Namun, pandangan ini ditolak oleh anggota DPRD Muhammad Nur, yang menilai acuan regulasi tersebut tidak tepat. Menurutnya, sewa lahan itu termasuk dalam kategori kerja sama strategis daerah, sehingga seharusnya tunduk pada PP Nomor 28 Tahun 2018 dan Permendagri Nomor 22 Tahun 2020.
“Pasal 26 ayat 1 PP 28/2018 jelas menyebutkan, kerja sama daerah yang berdampak luas dan jangka panjang wajib mendapat persetujuan DPRD. Jadi ini bukan sekadar urusan aset, tapi kerja sama strategis yang melibatkan kepentingan publik,” tegas Muhammad Nur.
Ia menilai, dengan tidak melibatkan DPRD, Pemkab kehilangan posisi tawar dalam menentukan nilai sewa dan berpotensi merugikan keuangan daerah.
Nilai Sewa Dipertanyakan
Kritik juga datang dari anggota DPRD HM Siddiq BM, yang menyoroti nilai sewa lahan kepada PT IHIP yang hanya Rp890 juta per tahun. Menurutnya, angka tersebut tidak mencerminkan potensi ekonomi lahan yang strategis.
“Kalau appraisal menentukan batas minimal Rp226 per meter persegi per tahun, kenapa Pemda justru mengambil nilai paling rendah? Harusnya pilih yang maksimal agar PAD kita lebih besar,” kata Siddiq.
Siddiq menambahkan, keputusan sewa yang tidak melalui mekanisme pertimbangan DPRD berpotensi menjadi temuan hukum.
Klaim Pemkab
Menanggapi tudingan tersebut, Kepala BPKAD Luwu Timur, Ramadhan Pirade, menjelaskan bahwa proses penyewaan telah melalui mekanisme administrasi resmi. Ia menyebut, setelah PT Vale menyerahkan lahan kepada Pemda, dilakukan proses balik nama hingga sertifikasi atas nama pemerintah daerah.

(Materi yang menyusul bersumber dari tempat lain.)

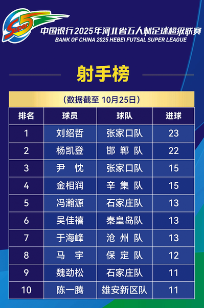 张家口队的刘绍哲以23粒进球延续领跑优势,其稳定的进球效率仍是球队冲击上游的重要保障;邯郸队的杨凯登以22球紧随其后;张家口队的尹忱凭借本轮比赛的出色发挥,以15粒进球依然保持第三名;辛集队的金相润跃居第四位。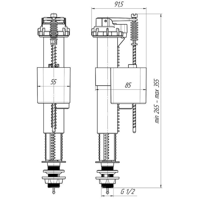 Наливной механизм для бачка унитаза АНИ Пласт WC5520 с нижней подводкой сочетает преимущества полипропиленового корпуса и латунного штуцера. Модель с регулировкой высоты от 265 до 355 мм обеспечивает универсальность установки для различных типов бачков (стойка механизма поворачивается, устанавливается нужная высота, после чего поворачивается обратно).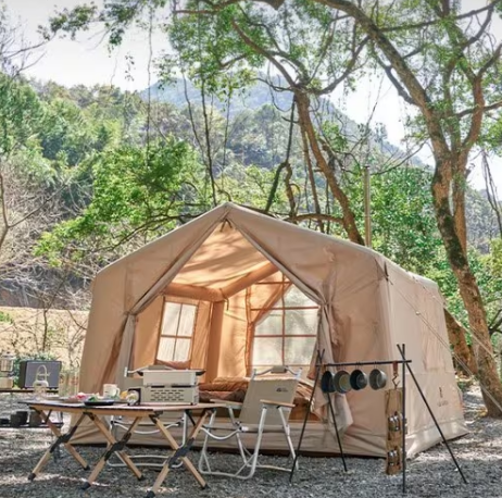 파칭 시간을 단축할 수 있고, 설치화 해체가 빠르고 쉬운 에어텐트가 요즘 대세입니다. 특대형 텐트를 15분 정도만에 설치할 수 있어서 캠핑족들에게 많은 인기가 있습니다.

“Setelah tercatat sebagai aset daerah pada 2024, barulah muncul permohonan sewa dari PT IHIP. Penentuan nilai sewanya berdasarkan appraisal resmi, bukan keputusan sepihak,” terang Ramadhan.

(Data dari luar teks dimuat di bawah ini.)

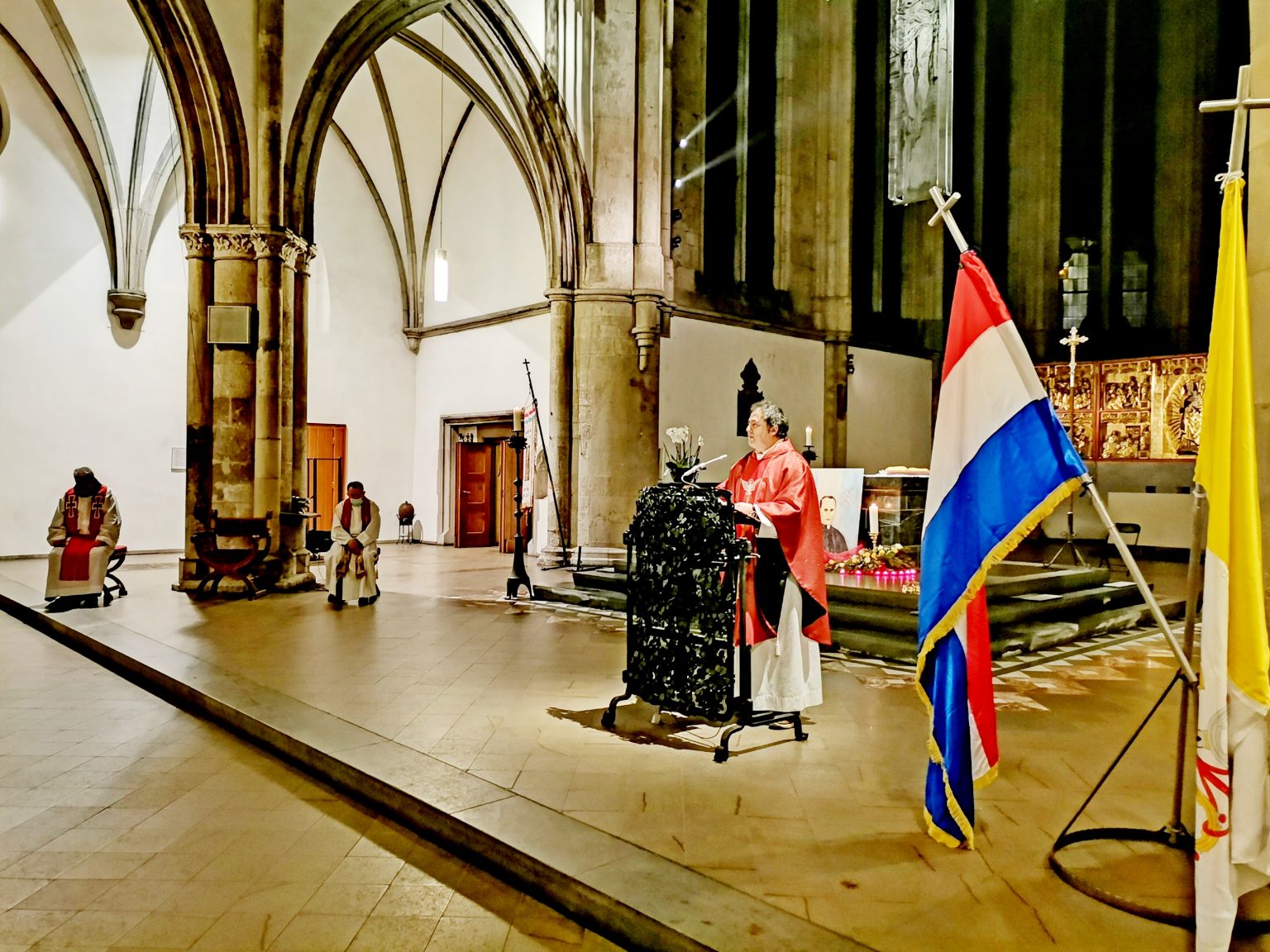 U srijedu, 10. veljače HKM Köln proslavila je svog nebeskog zaštitnika bl. Alojzija Viktora Stepinca. Središnja proslava Stepinčeva bila je u Kölnu u Minoritenkirche, a započela je u 18 sati molitvom krunice Božanskog milosrđa te molitvama Blaženiku za zagovor. U 18:30 sati započela je procesija kroz crkvu na čelu koje su bili ministranti s kadionikom, križem i svijećama, a hrvatski i vatikanski barjak te barjak Misije i lik Blaženika nosili su folklorašice i folkloraši. Misno slavlje predvodio je fra Tomislav Dukić, voditelj HKM Düsseldorf, uz koncelebraciju don Marijana Uke voditelja albanske misije sa sjedištem u Düsseldorfu, te fra Vuka Buljana i fra Denisa Šimunovića. Ljepoti ovog slavlja doprinio je Veliki zbor pod vodstvom s. Renate i Mare Rice. I ove godine svojom nazočnošću posebnu čast našoj cijeloj Misiji i bl. A. Stepincu iskazao je Generalni konzul Republike Hrvatske u Düsseldorfu doc. dr. sc. Ivan Bulić, koji je argumentirano reagirao u obrani Stepinca na intervju gospođe Čalić objavljen na portalu katholisch.de dana 8. prosinca 2020.Ovogodišnja skromna proslava na vani možda je učinila čuda u nama samima. Možda nas je ohrabrila i ojačala kroz promatranje lika Blaženika na poseban način promatrajući njegovu vjernost Bogu i Katoličkoj Crkvi, te hrvatskom narodu i stožernim krepostima vjeri, nadi i ljubavi o kojima smo posebno razmišljali u trodnevnoj duhovnoj obnovi.

Namun, penjelasan itu belum meredam kritik DPRD yang menilai langkah Pemkab tetap tidak memenuhi aspek partisipasi dan transparansi kelembagaan.
Desakan Audit Menyeluruh
Rapat yang berlangsung dalam tensi tinggi itu akhirnya ditutup dengan desakan DPRD agar dilakukan audit dan investigasi menyeluruh terhadap seluruh proses sewa lahan. Audit tersebut diharapkan mencakup aspek legalitas kerja sama, kelayakan nilai sewa, hingga perlindungan hak-hak masyarakat yang telah menggarap lahan tersebut sejak lama.
“Ini soal tata kelola pemerintahan yang bersih dan taat hukum. Jangan sampai investasi dijadikan alasan untuk menabrak prosedur. Pemkab harus terbuka, dan kalau perlu diaudit secara menyeluruh,” tegas Siddiq.
Kasus sewa lahan kompensasi DAM Karebbe ini menyoroti pentingnya koordinasi antara eksekutif dan legislatif dalam pengelolaan aset daerah.
Keterlibatan DPRD diharapkan dapat memastikan setiap kebijakan strategis memiliki legitimasi publik dan tidak merugikan masyarakat.